Кто-то сказал, что скорый вроде бы поедет в другом направлении, но придет другой, пассажирский, в сторону Брно, через Ждар на Мораве. Но только до Королевского поля, в сам город Брно поезда не ходят, все дороги разбиты. …
Поехал пассажирским. Приближался Брно. Я пошел в туалет, малость привел себя в порядок, достал из портфеля чистую рубашку и надел, нужно прилично выглядеть, чтобы Квета не испугалась, — думал я».
Михал встал. Пиво свое дело делает. Вернулся умытым, причесанным. Читаем дальше.
«Поезд остановился далеко от станции. Длинная процессия пассажиров двинулась вдоль путей в сторону города. Здесь все осталось как прежде, разрушены только два дома. Жизнь протекала нормально, словно бы никто отсюда не эмигрировал, никого не посадили и не убили. Те, кто не вернулся, были забыты. Это по-человечески: каждого волнует лишь его собственная жизнь. Природный инстинкт, механизм самосохранения дает человеку возможность не думать о тех вещах, на которые все равно нельзя повлиять и от которых он сошел бы с ума, если бы задумался над ними как следует».

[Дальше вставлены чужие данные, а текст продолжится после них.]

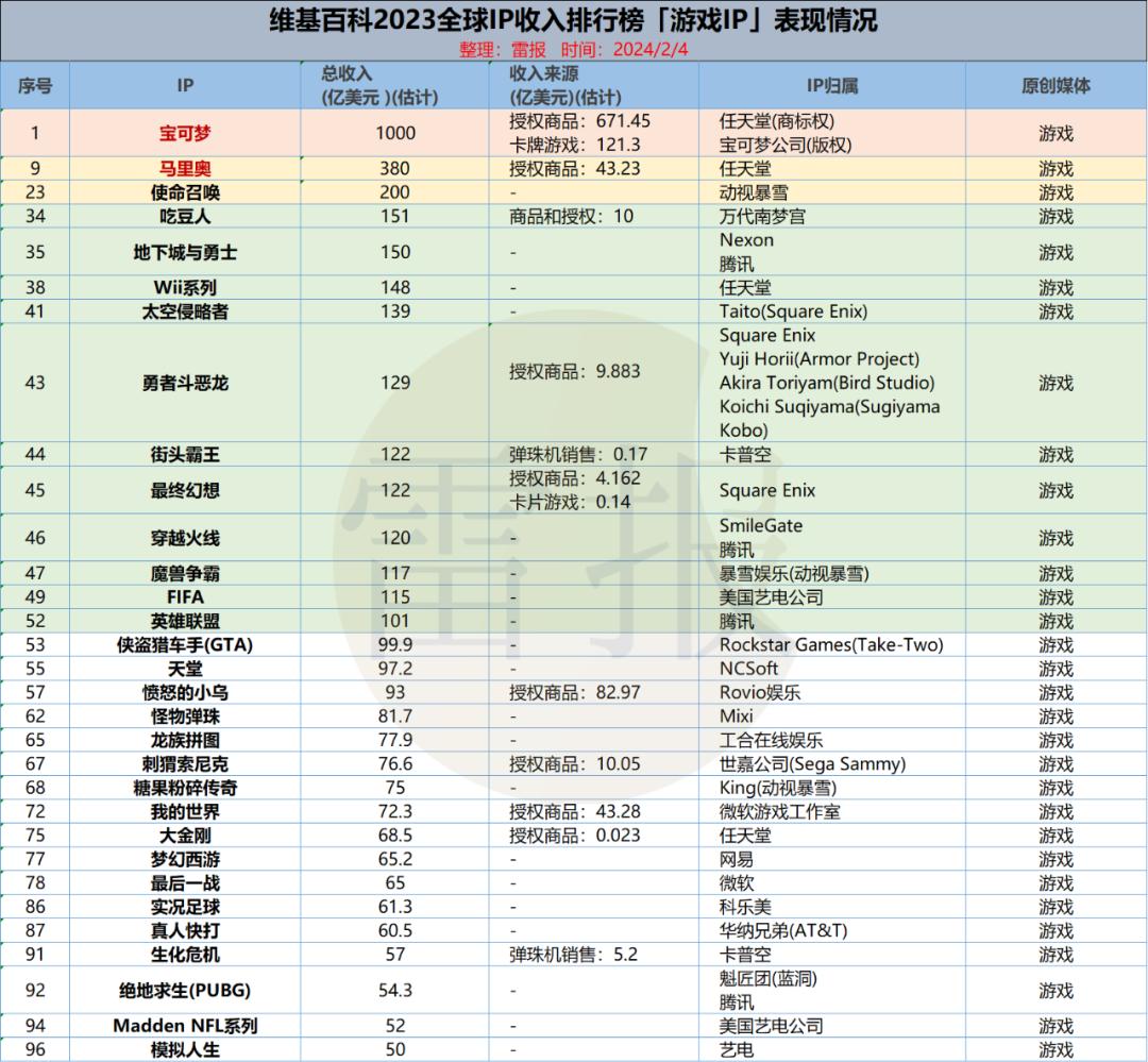 相比之下,根据近期维基百科公布的“2023全球IP收入排行”数据,海外顶级游戏IP如“宝可梦”“马里奥”等,其授权商品的收入在IP的整体营收中占到了相当可观的比重。

— Те, кто не вернулся, были забыты… Что-то в этом роде я писал вам, помните? Что вы пытаетесь восстановить человеческое достоинство тех, кого записали в жертвы, чтобы забыть навсегда…
Красивая женщина с заколками в волнистых волосах вышла из кафе.
— Похожа на вторую жену отца, — заметил Михал.
Новенькая из далекого прошлого. Как перевести это на чешский? Голова от пива сделалась тяжелой. Даже по дружбе не стоило браться за вторую кружку.
Михал подсел ко мне.
— Дальше очень личное, вслух не смогу.
Будем читать про себя.
«Хорватская, 12. Дом выглядит по-прежнему, разве чуть обветшал. Звоню. Тесть смотрит в окно, брат Кветы открывает дверь, приглашает в дом. Подымаемся. Тетя Филиппка, согнутая в дугу, спускается к нам навстречу по лестнице, ведет за собой мальчика со светлыми волнистыми волосами, большой головой и большими светлыми лучащимися глазами. Он немного неуклюже перепрыгивает через ступеньку, говорит „пливет“ и подает мне руку. В его взгляде отражается целый мир, полный вопросов и ожидания. Сколько всего, наверное, он навоображал себе про отца, когда ему о нем рассказывали, и сейчас думает, что из этого правда в чужом человеке, который подает ему руку, целует и прижимает к себе. Ах, эти наивные иллюзии!»
Лысый мальчик протер очки. Тусклые водянистые глаза, не защищенные темными полукружьями очков, смотрели поверх страницы.
— Отсюда я уже могу продолжить вслух, — сказал Михал.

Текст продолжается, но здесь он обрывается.